Montreal, November 24, 2019 – Three Canadian judokas had a similar fate on Sunday at the Osaka Grand Slam, in Japan. Zachary Burt, Shady El Nahas and Kyle Reyes each won their first match before being eliminated by a Japanese opponent fighting in front of a home crowd.
Zachary Burt, in action in -90 kg, started by taking his revenge against Netherlander Jesper Smink, who had defeated him last year in the Netherlands at the end of a long match.
“I was able to grip him and use a strangle hold I’ve been practising every week in training. It was great not only to tie it at 1-1 and win, but also to successfully use something I’ve been working on for weeks,” said Burt.

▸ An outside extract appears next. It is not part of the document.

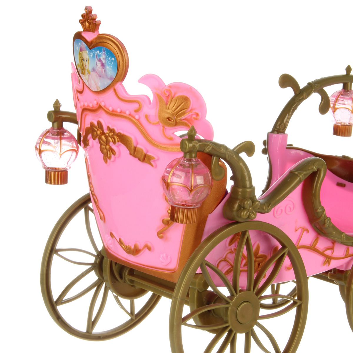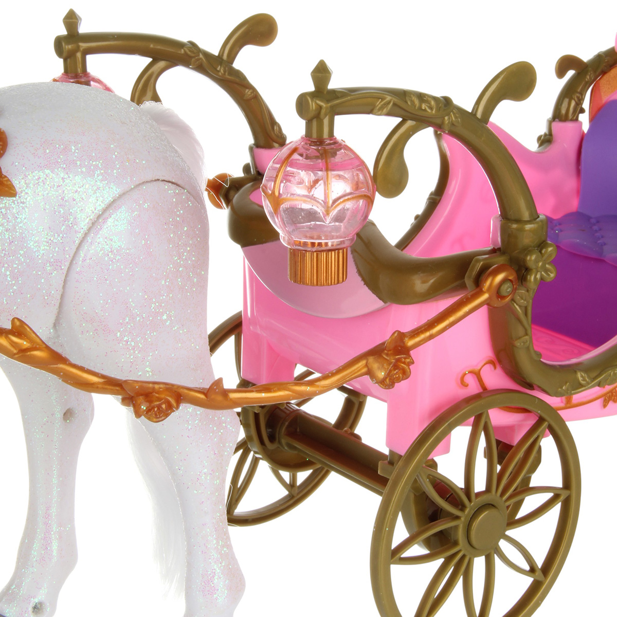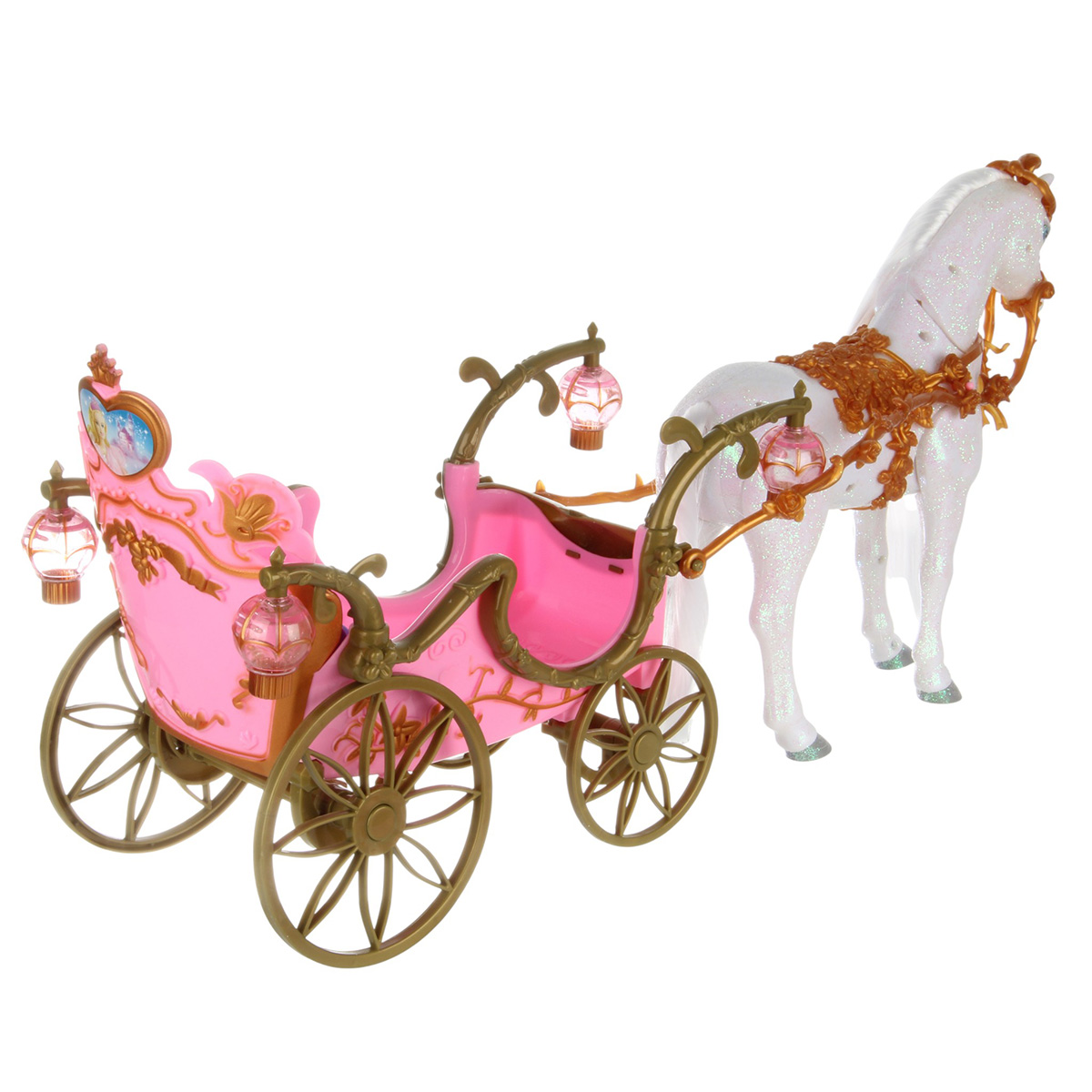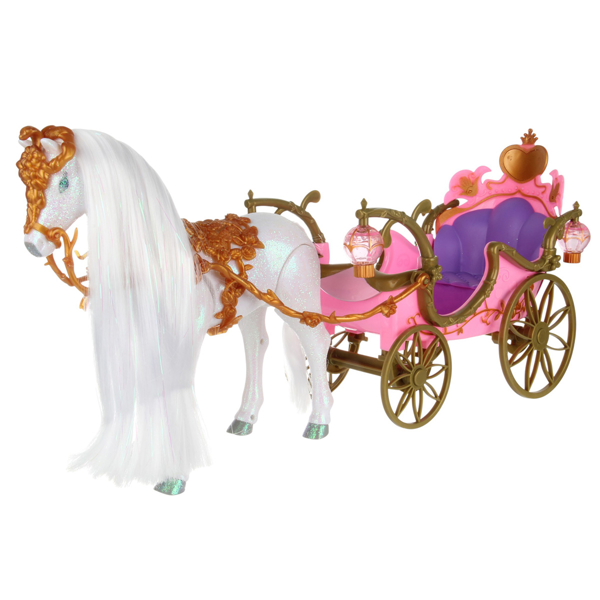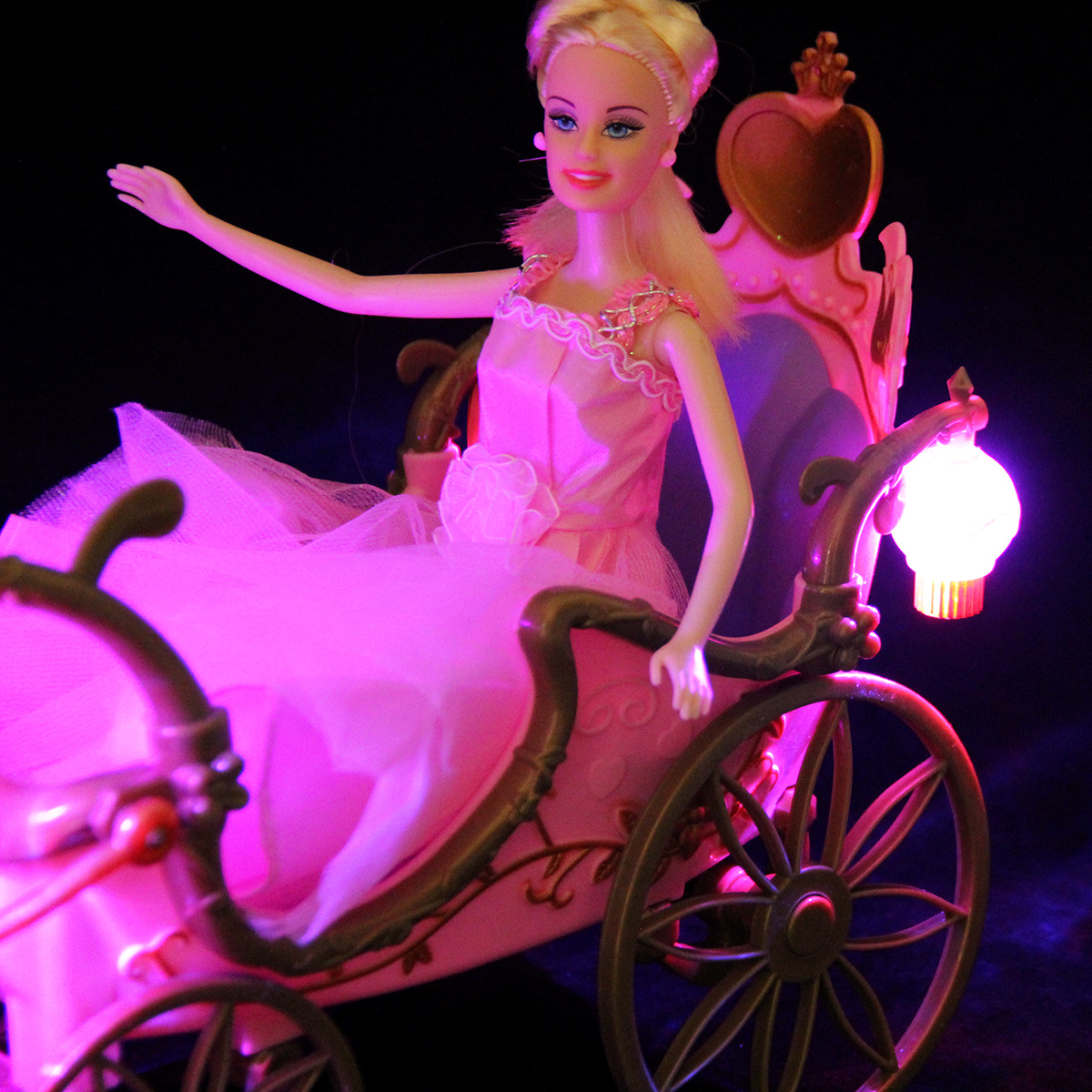 Игровой набор кукла принцесса в карете с лошадкой со световыми и звуковыми эффектами и аксессуарами. Фонарики на карете с меняющейся подсветкой, лошадка идёт вперёд, передвигая ноги и опуская голову, издает ржание, фыркает, звук стука копыт, у куклы подвижные руки и ноги, голова, элегантное платье. Съёмные аксессуары, волосы куклы длинные и красивые, можно делать различные прически, у лошадки расчесывать гриву. Прочные и долговечные материалы, качественное исполнение, стильный дизайн, приятная расцветка.

After a convincing victory by ippon, the Canadian faced Japanese Kenta Nagasawa, 10th on the world ranking, in the second round. “I knew it would be difficult, but I was feeling very good after that first match, and I was excited to fight him. I was surprised by his strength and he kept the advantage on the grip, that’s what made the difference.”
Burt got a third penalty in the last minute, ending his tournament and giving Nagasawa the victory. “I personally think the last penalty came a little fast. I will make adjustments on my grip to win against him next time.”

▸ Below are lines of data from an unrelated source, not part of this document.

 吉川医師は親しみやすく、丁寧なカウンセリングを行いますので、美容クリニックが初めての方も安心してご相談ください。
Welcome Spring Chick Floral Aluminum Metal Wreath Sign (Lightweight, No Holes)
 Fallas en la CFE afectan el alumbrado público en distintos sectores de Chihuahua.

Kyle Reyes defeated Peruvian Jose Luis Arroyo Osorio by ippon in -100 kg before losing against Japanese Aaron Wolf, ranked 13th in the world and eventual bronze medallist in Osaka.
Fighting in the same category, Shady El Nahas got a bye through the first round. He won against Austrian Aaron Fara in his first match, but then lost against Japanese Daiki Nishiyama.

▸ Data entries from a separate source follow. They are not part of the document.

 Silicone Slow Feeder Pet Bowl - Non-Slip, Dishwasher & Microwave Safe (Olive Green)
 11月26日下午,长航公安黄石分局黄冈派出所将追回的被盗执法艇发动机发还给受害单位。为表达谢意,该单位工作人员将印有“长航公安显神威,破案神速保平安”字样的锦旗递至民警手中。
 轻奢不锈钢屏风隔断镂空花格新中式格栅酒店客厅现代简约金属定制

“Zach, Kyle and Shady all started out strong and easily got through the first round. They fought well, but they couldn’t figure out how to win against the crowd’s favourites,” explained Canadian coach Sasha Mehmedovic. He added that the Canadian squad had a great start with Jessica Klimkait’s bronze medal and Ecaterina Guica’s 7th place. Things didn’t go as well after that.
“The first day was good, but we couldn’t get big wins after that. The Osaka Grand Slam is always difficult, because there are four Japanese athletes in each category. Now we have to focus on our preparation for the Masters in China in three weeks.”